## Your goal
Copy out all of the lines below exactly; the pictures do not belong in the copy.

#### Data excerpt ####

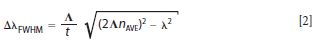 So far, we have only considered the grating efficiency at a single wavelength. However, a spectrometer needs to analyze a range of wavelengths around the center wavelength. From the article by Baldry and colleagues (2) the full width at half maximum (FWHM) bandwidth of the grating can be calculated by
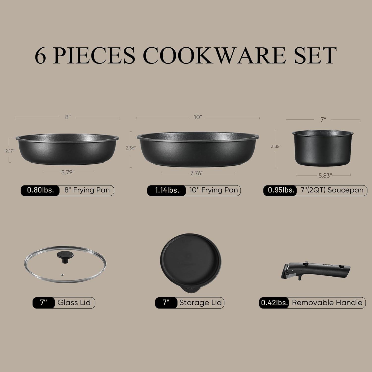 Optimal storage and easy stacking with the handles off saves up to 70% more space of Carote detachable handle pots and pans set.
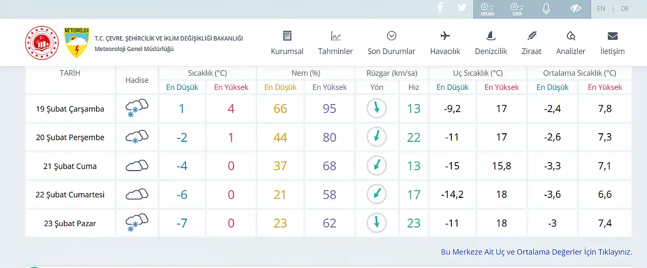 Kar yağışı tahminini 20 Şubat Perşembe günü içinde yineleyen Meteoroloji, 21 Şubat Cuma gününde ise, havanın -4 derece olacağını aktardı. Soğuk hava dalgasının haftanın son gününde de etkili olacağını ifade eden Meteoroloji, 23 Şubat Pazar gününde kar yağışının etkili olacağı ifade edildi.

####

## Solution to this exercise
 So far, we have only considered the grating efficiency at a single wavelength. However, a spectrometer needs to analyze a range of wavelengths around the center wavelength. From the article by Baldry and colleagues (2) the full width at half maximum (FWHM) bandwidth of the grating can be calculated by
 Optimal storage and easy stacking with the handles off saves up to 70% more space of Carote detachable handle pots and pans set.
 Kar yağışı tahminini 20 Şubat Perşembe günü içinde yineleyen Meteoroloji, 21 Şubat Cuma gününde ise, havanın -4 derece olacağını aktardı. Soğuk hava dalgasının haftanın son gününde de etkili olacağını ifade eden Meteoroloji, 23 Şubat Pazar gününde kar yağışının etkili olacağı ifade edildi.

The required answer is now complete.